In 2020, Geoscience Australia, in partnership with the Western Australian Geological Survey, drilled a hole in the southern part of the Canning Basin to understand the geology of the deep rock.

See also  Harry's trip to Great Britain - Meghan 'never wants to set foot there again'.

After acid extraction of rock samples from a geological formation called the Nambet Formation, which dates back to the early Ordovician period (485 million to 470 million years ago), we identified spores from terrestrial plants with typical regular arrangements of two or four cells.

As part of this work, we examined preparations of plant spores that were actually superimposed on microscopic slides from the original section of the nambit formation excavated in 1958.

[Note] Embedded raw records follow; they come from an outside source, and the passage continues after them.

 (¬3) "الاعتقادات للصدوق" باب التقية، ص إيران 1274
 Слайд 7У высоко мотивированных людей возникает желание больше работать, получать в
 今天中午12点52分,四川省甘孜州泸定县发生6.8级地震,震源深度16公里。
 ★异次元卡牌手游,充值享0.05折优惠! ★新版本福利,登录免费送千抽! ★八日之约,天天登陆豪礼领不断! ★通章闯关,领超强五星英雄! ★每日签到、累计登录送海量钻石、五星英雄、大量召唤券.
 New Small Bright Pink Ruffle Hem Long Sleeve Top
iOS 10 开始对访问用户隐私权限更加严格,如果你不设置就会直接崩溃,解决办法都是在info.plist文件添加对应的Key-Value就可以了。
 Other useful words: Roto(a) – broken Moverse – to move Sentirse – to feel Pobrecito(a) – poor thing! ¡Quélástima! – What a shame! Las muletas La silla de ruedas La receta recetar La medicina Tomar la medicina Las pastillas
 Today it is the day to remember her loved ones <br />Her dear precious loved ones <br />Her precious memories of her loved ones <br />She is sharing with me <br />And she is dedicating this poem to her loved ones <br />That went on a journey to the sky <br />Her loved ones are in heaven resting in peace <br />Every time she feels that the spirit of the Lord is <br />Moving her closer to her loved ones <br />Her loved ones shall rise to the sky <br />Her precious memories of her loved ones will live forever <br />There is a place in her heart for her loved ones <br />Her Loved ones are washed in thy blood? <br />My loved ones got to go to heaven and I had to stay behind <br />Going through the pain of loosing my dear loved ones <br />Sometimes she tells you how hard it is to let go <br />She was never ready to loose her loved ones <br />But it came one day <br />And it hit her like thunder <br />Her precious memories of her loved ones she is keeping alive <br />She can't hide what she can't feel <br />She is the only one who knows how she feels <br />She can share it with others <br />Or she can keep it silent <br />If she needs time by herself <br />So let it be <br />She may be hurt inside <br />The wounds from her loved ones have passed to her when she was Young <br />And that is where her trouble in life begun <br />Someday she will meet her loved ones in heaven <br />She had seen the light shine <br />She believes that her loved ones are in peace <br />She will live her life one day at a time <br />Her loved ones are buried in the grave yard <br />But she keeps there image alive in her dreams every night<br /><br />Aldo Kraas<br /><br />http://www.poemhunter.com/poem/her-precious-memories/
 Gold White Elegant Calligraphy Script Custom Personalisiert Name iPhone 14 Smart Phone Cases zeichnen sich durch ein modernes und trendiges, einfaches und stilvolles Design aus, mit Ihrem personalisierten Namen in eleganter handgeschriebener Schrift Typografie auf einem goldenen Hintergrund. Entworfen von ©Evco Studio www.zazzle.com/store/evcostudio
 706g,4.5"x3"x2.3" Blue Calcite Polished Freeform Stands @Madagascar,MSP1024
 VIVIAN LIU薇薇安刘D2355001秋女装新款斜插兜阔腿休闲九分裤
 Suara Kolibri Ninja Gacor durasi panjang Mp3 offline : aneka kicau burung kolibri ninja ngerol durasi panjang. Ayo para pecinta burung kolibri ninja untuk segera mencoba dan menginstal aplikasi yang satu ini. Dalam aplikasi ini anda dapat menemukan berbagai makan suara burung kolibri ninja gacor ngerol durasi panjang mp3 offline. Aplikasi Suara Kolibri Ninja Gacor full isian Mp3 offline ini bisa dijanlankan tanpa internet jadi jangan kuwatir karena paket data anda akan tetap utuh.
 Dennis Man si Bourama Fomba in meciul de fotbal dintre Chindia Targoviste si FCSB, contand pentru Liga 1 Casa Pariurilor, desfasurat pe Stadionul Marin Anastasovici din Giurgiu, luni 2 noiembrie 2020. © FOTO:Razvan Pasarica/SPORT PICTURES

Here we found the first evidence of plant spores on Earth associated with the spores of their algal ancestors. Our discovery would not have been possible without access to this prior material provided by the Western Australian Government.

Further studies are needed to locate additional algal spores and terrestrial plants in Australian sediments from the Late Cambrian and Ordovician.

The new data could also reveal where the land plants originated from: were they present on this continent as others have suggested?

The present work has highlighted the importance of access to previous data and materials and acknowledged the critical role of scientific sampling infrastructure and geological data by the Western Australian Government.

Clinton FosterProfessor Emeritus Australian National University.

This article has been republished by conversation Under Creative Commons License. read this original article.